China’s new national security law affects not just people in Hong Kong, but everyone – including Canadians – according to Richmond-based activist Bill Chu.
Chu is a member of, and spokesperson for, the Group of Concerned Chinese-Canadians, who recently issued a joint statement in response to China passing its new national security law in Hong Kong.
“While the world is so busy fighting COVID-19, (China) secretly and quietly introduced this law, that infringes on human rights, not just local Hong Kong people, but people like yourself and me, and that’s totally unacceptable,” said Chu.
The new law – introduced last week by mainland China’s parliament and added to Hong Kong’s mini-constitution – can apply to anyone regardless of where the “offense” occurs or who commits it – be it a permanent resident of Canada, Hong Kong or anywhere else.

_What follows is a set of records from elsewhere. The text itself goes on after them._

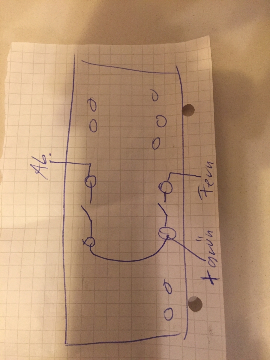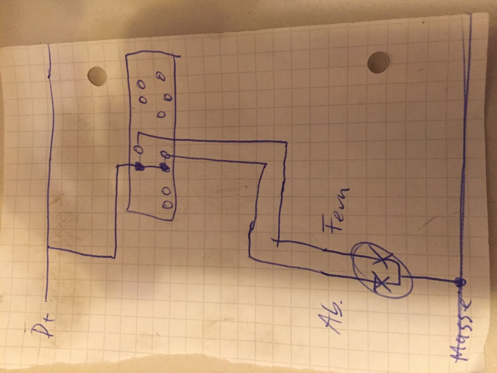 Okay, die obere und untere Schalterstellung überbrücken. Probiere ich mal aus, wie wird das dann am Scheinwerfer angeschlossen?
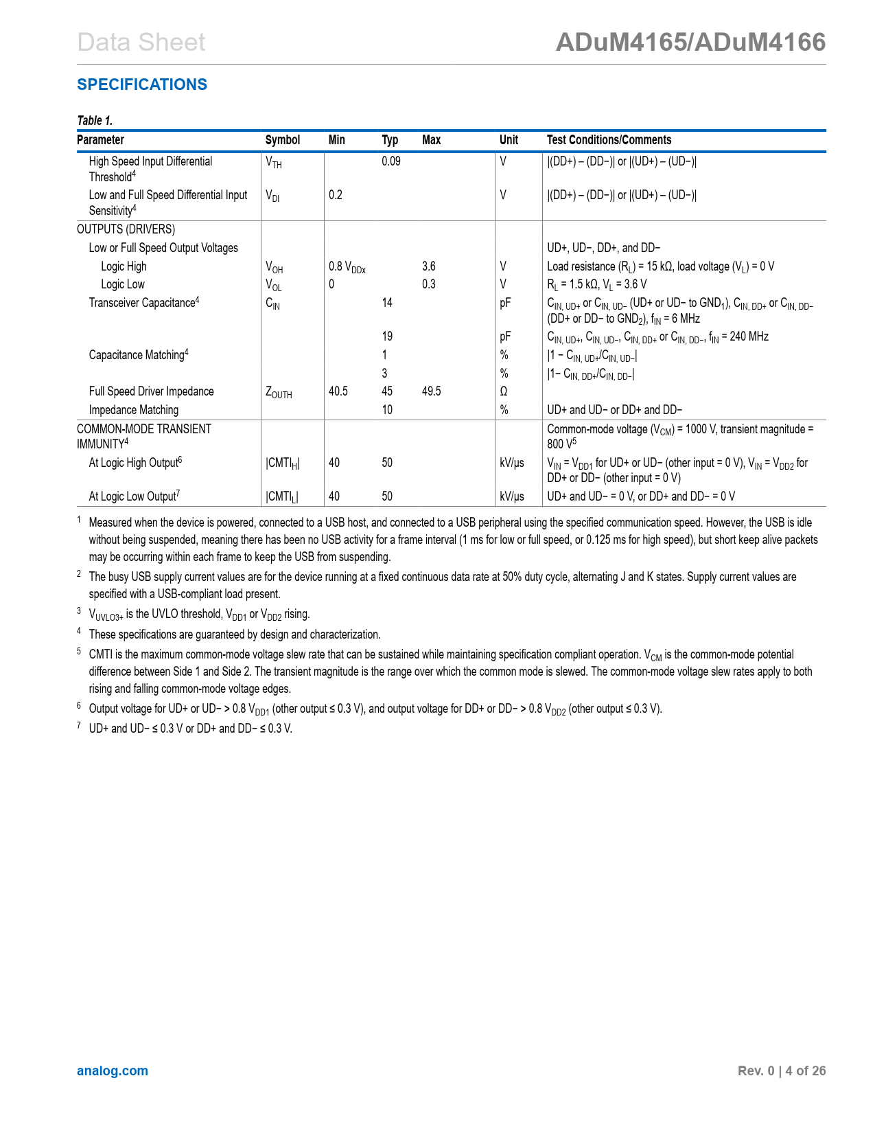 页数 / 页26 / 4 — ADuM4165/ADuM4166. SPECIFICATIONS. Table 1. Parameter. Symbol. Min. Typ. …
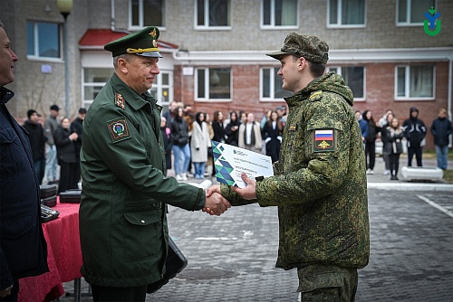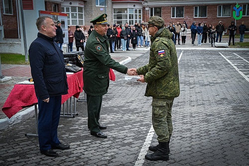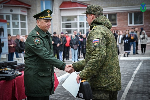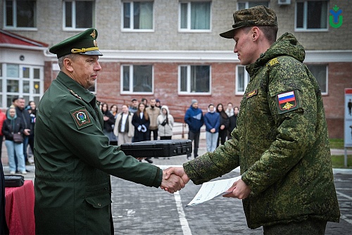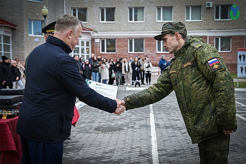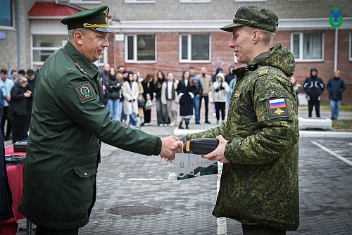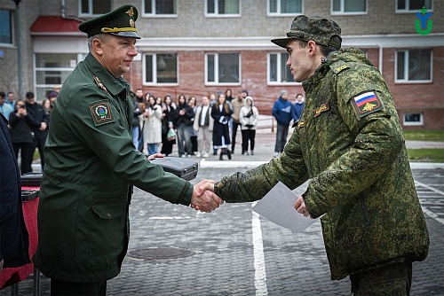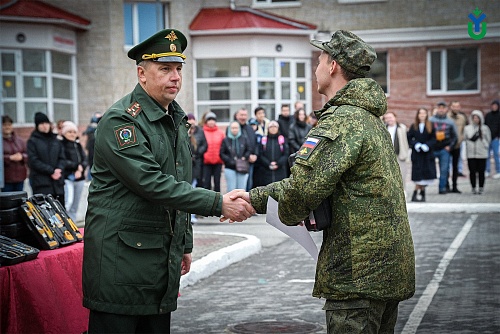 26 мая на строевом плацу Югорского госуниверситета состоялось торжественное мероприятие, посвященное курсантам, успешно завершившим обучение в Военном учебном центре по программам военной подготовки сержантов и солдат запаса для Управления ракетного топлива и горючего Департамента ресурсного обеспечения Министерства обороны Российской Федерации. Это был первый набор в истории ВУЦ, созданного на базе вуза два года назад.
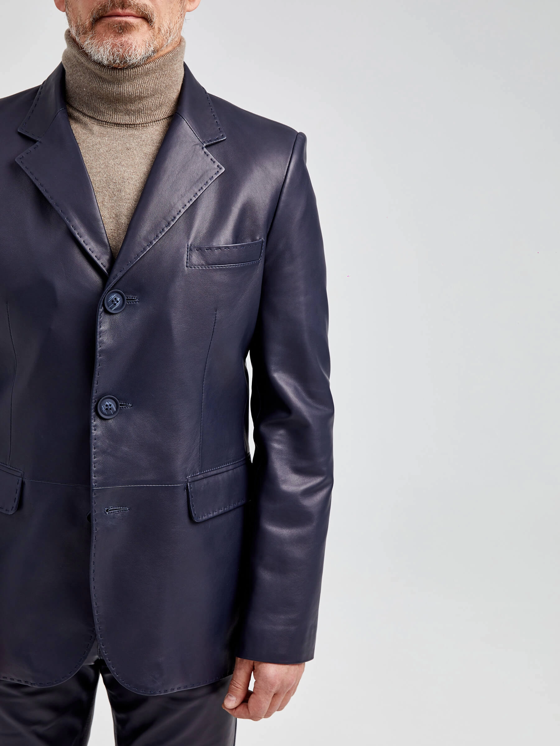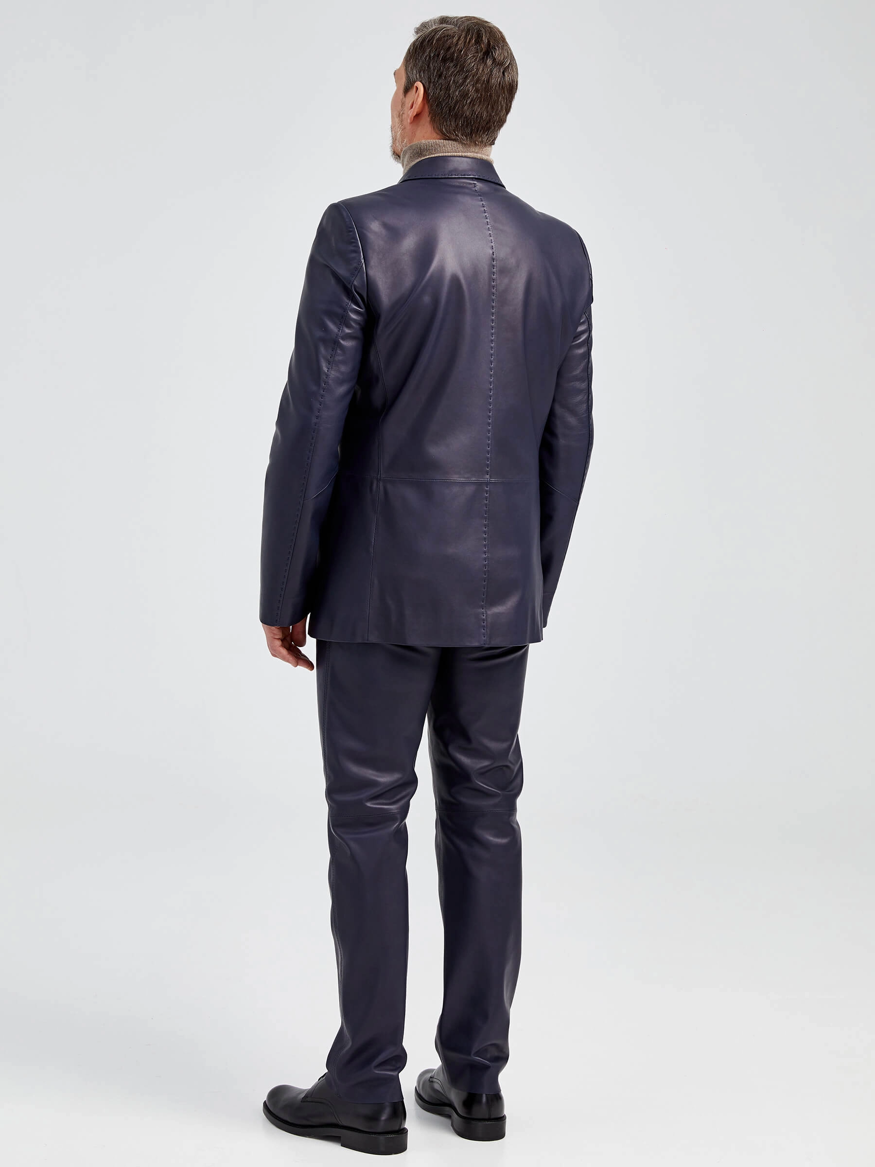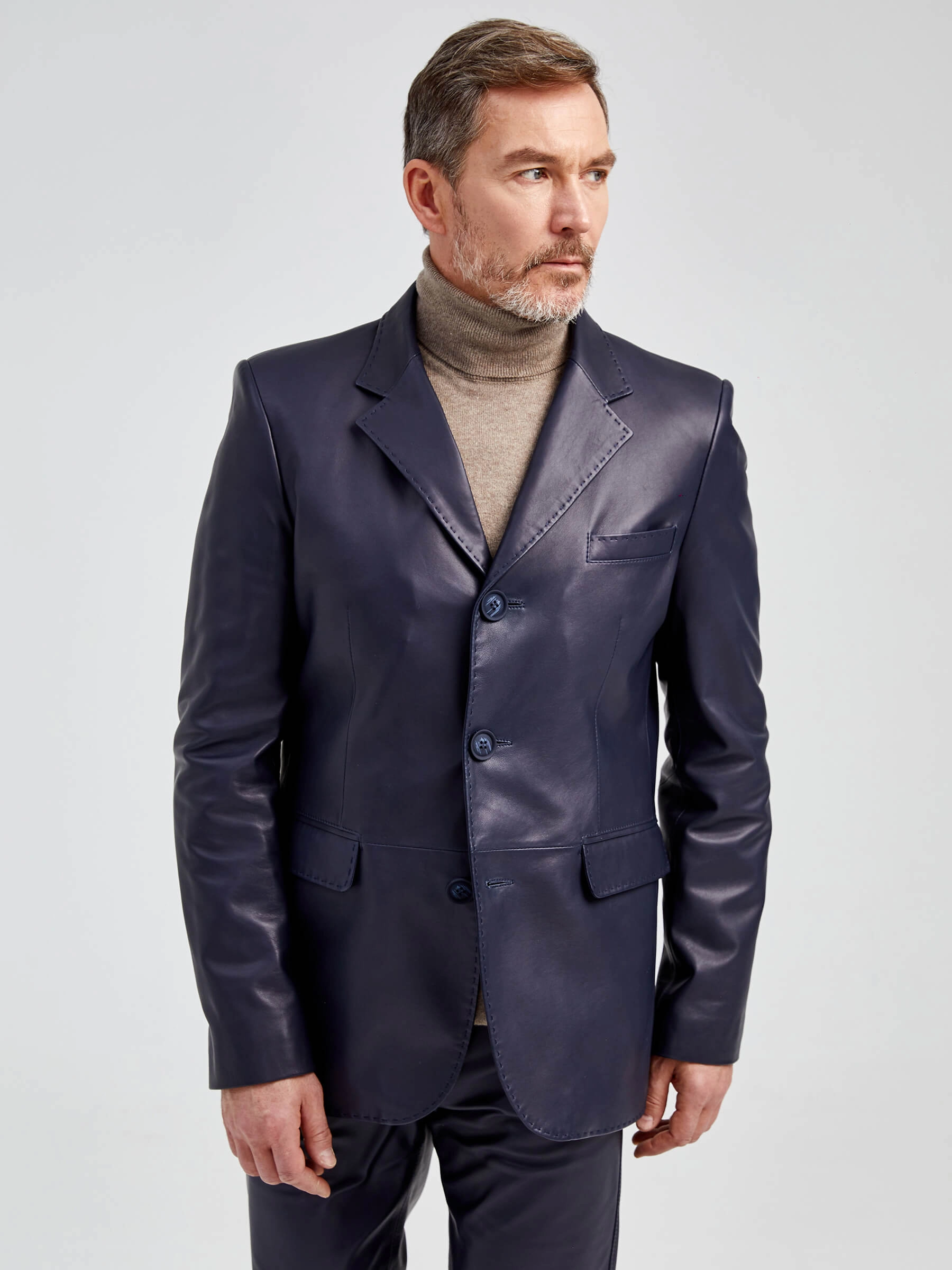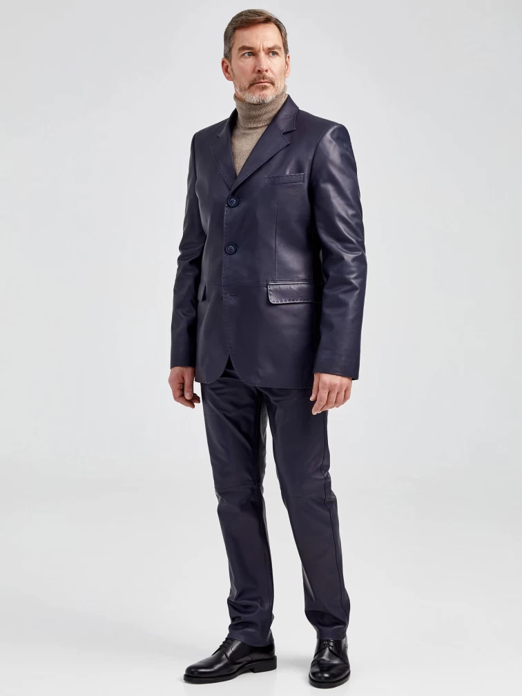 Товар мужской кожаный пиджак на ручном стежке премиум класса 543, синий, размер 50, артикул 28962 выполнен из натуральной кожи с застежкой пуговицы. Рассчитан на сезон: весна-лето. Длина изделия 78 см, силуэт полуприлегающий.

Last year, pro-Hong Kong and pro-China supporters clashed at Aberdeen Canada Line Station, where a Lennon Wall had been set up in support of the Hong Kong protests.
But the pro-Hong Kong supporters at those Richmond events could be at risk under the new security law, which utilizes broad and vague wording, according to Chu.

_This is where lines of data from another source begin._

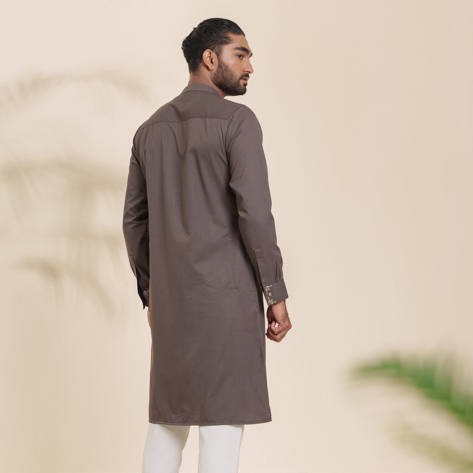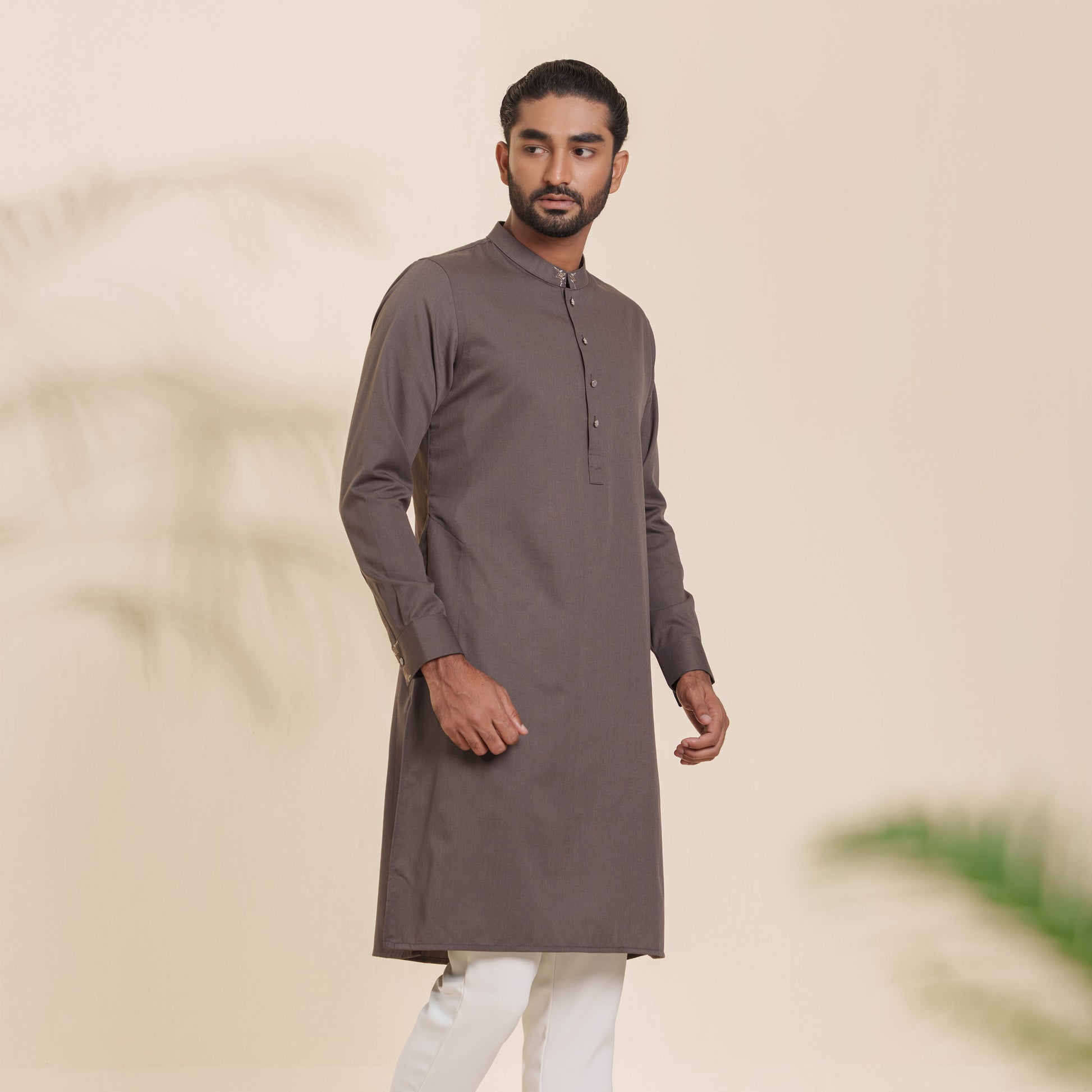This Stylish Men's Premium Panjabi Is Crafted from A Blend of Cotton and Linen for A Comfortable and Breathable Feel. Its Attractive Decorative Embroidery Adds a Luxurious Look, While the Ash Grey Color Provides an Elegant Finish. A Perfect Choice for Formal Occasions.
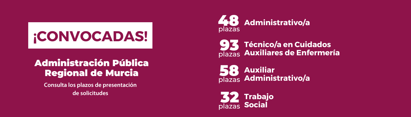 Todas las novedades sobre las oposiciones a la Región de Murcia y corporaciones locales: oferta de plazas, convocatorias, requisitos, listas de admitidos, fechas de examen, procesos, etc.
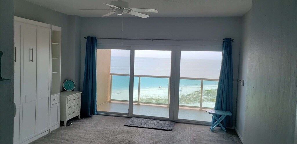 Steps to the sand! Beach-facing Studio at the Regatta Beach Club with big balcony overlooking the beach. Offered furnished with a Queen-sized Murphy bed and sofa set, kitchen utensils, crockery and cutlery. Minimum 3-months lease. Living room and balcony have spectacular 180’ views of the Gulf of Mexico. Regatta Beach Club has state of the art Gym, Swimming pool, Game-room, and entertainment Media-room on-site. The tenant may use these as the rent includes usage of all common area facilities and parking. Please note that this unit is being priced competitively to reflect the hurricane repairs being undertaken in the building. Short walk from Pier 60, restaurants and stores.
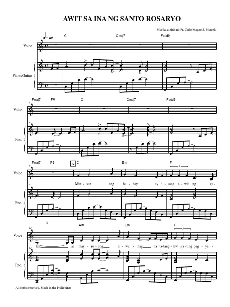 C Em F C Minsan ang buhay ay isang awit ng galak Am Em F G At mayroong liwanag na tatanglaw sa ting pagyapak. Awit Sa Ina Ng Santo Rosaryo has a BPMtempo of 95 is in the key D Major and has a duration of 0352. Download and print in PDF or MIDI free sheet music for Awit Sa Ina Ng Santo Rosaryo by Fr.
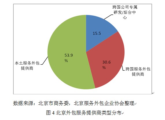 目前,北京开展离岸服务外包业务的企业构成十分丰富,北京市跨国服务外包提供商占30.6%,跨国公司专属研发/后台中心占15.5%,本土服务外包供应商占54%(如图4所示)。跨国公司与本土服务外包企业已经在北京形成了良好的生态环境,建立了高效的互动关系,有效的带动了离岸服务外包业务的发展。

“It should be no surprise that (China is) using broad and unclear terms like ‘undermining’ as in (Article 22),” he said.
“The intent (of the law) is to cast a big net so as to incriminate or threaten to incriminate not just international students, but anyone in Richmond and beyond.”
Because Canada does not have anti-foreign influence laws like Australia, he added, “it is easy for (China) to indirectly monitor people or institutions here.”
In its statement, the group says that the Chinese government argues that national security is a “greater priority” than maintaining the ‘one country, two systems’ formula, “and since democratic countries also have national security laws, they don’t have the right to interfere in China’s internal need for the same.”
However, it’s a false comparison, said Chu, because the new Chinese law defines subversion as things such as freedom of expression or holding rallies and peaceful protests to criticise the government.
For example, the Hong Kong government issued a statement Thursday saying that the slogan “Liberate Hong Kong, revolution of our time,” widely used during protests, is now illegal under the new security law as it has separatist connotations.
Already, some independent media outlets in Hong Kong – which use YouTube or other social media platforms to share their observations on the situation in the region – are shutting down because of the law.
“They realize that this is going to impact them with a heavy cost, meaning that they are exposing themselves to arrest, secret trial without jury and indefinite imprisonment,” said Chu.
China, said Chu, is simply working to protect its own political position by supressing any dissent through the new legislation.
“The whole idea of a national security law is a false pretense, meaning that in actual fact all it’s really trying to protect is the security of that one party.”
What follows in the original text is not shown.